A while back I wrote an article on how to set up and configure IIS 7.5 with ASP.NET. The purpose of this new article is to provide a much faster, accurate and effective way of configuring IIS to host ASP.NET, configuring SQL Server permissions at the same time. In this article I'm using Microsoft Windows 8.1, IIS 8.5, ASP.NET 2.0 and 4.0, and Microsoft SQL Server 2012. The same steps and rules applies to IIS 7.5 and 8.0 as well as Microsoft SQL Server 2008 and 2008 R2. Express editions are also welcome. If you are using a version prior to the ones mentioned, please adapt this article - I suggest you use Google as it will give you answers much faster. 

Visual Studio 2012 started introducing an express edition of IIS, but we are not using it in this article. I prefer to attach my websites to a full version of IIS which gives me better control over the site (even though VS debugging is not available). You can use this article as a starter guideline.

 Side Note: If you are using Windows Server editions, you may need to adapt this article (for instance when installing IIS, you will do it through the Server Manager instead of the Control Panel). Also, if you are using this guide for a production web server, you are doing so at your own risk! 

Installing IIS 

I will guide you through the installation of IIS. I have experienced situations where Windows will require the Installation Discs to perform the following steps, so please keep them handy.

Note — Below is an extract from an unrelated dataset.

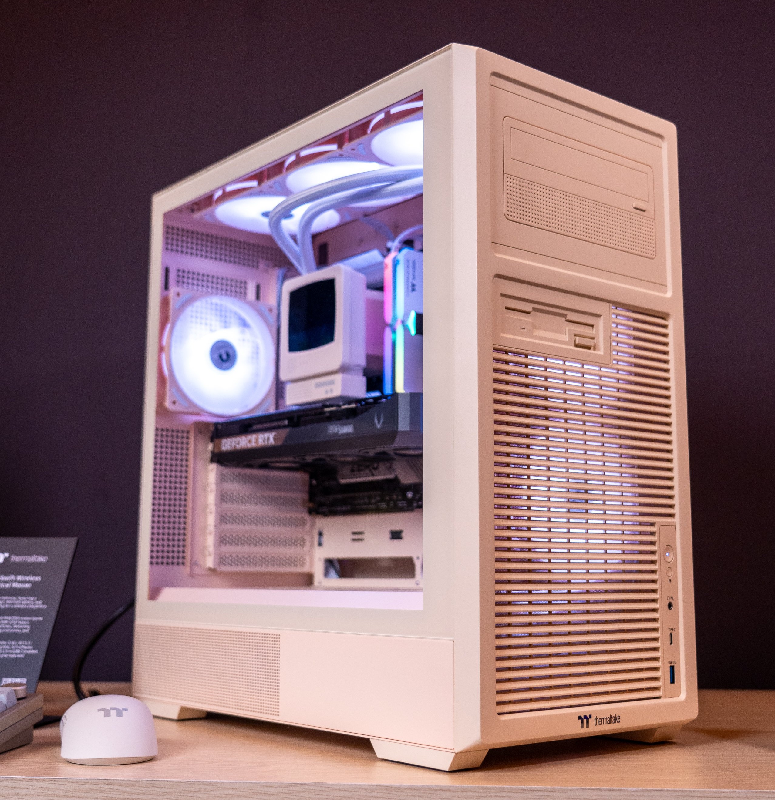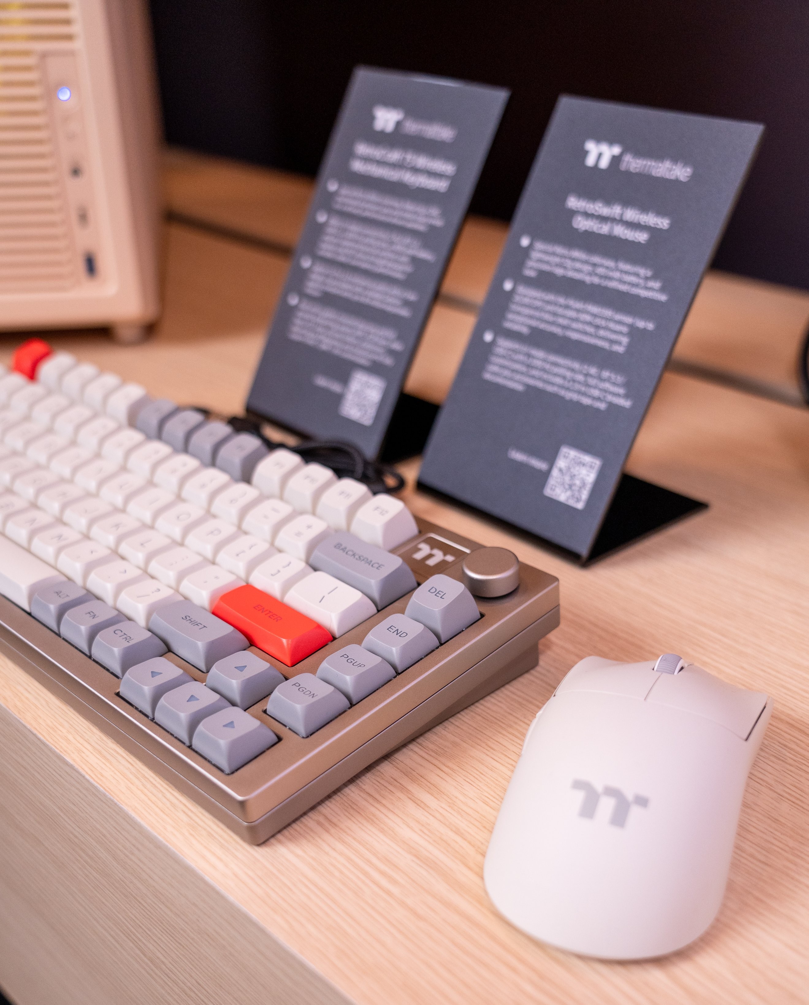 A Thermaltake não se ficou apenas pelas caixas e sistemas de refrigeração, alargando o tema retro a periféricos que complementam a estética nostálgica. O teclado RetroCraft apresenta um formato compacto de 75%, com interruptores mecânicos Gateron G-Pro 3.0, teclas em PBT com dupla injeção e multipla conectividade, por cabo USB, Bluetooth ou ligação Wireless de 2,4 GHz wireless. Já o rato RetroSwift, destaca-se pelo visual inspirado nas caixas retro, pelo sensor PixArt PAW 3395 de 26.000 DPI, com polling rate de até 1.000 Hz, e apenas 52 gramas.

For Windows Server users, you will almost certainly need those discs and physical access to the server.

  1. Open Control Panel and then select Programs and Features.
  2. On the left-hand side, click on the last link labelled 'Turn Windows features on or off'.
  3. You will now be able to select features to add to your Windows installation. Ensure that the following are ticked (this image is in relation to Windows 8.1 features, please look for similar items if you are using a prior version of Windows):





     
  4.  Click OK. If your computer asks to restart, please do so as you will not be able to continue to the next steps until you have restarted. 

Configuring IIS 

Now that you have installed IIS, we need to configure it. You can leave it on the default settings, but for beginners it can be quite challenging. By using the following steps we will configure the NETWORK SERVICE account to serve as the primary account under which IIS applications will run.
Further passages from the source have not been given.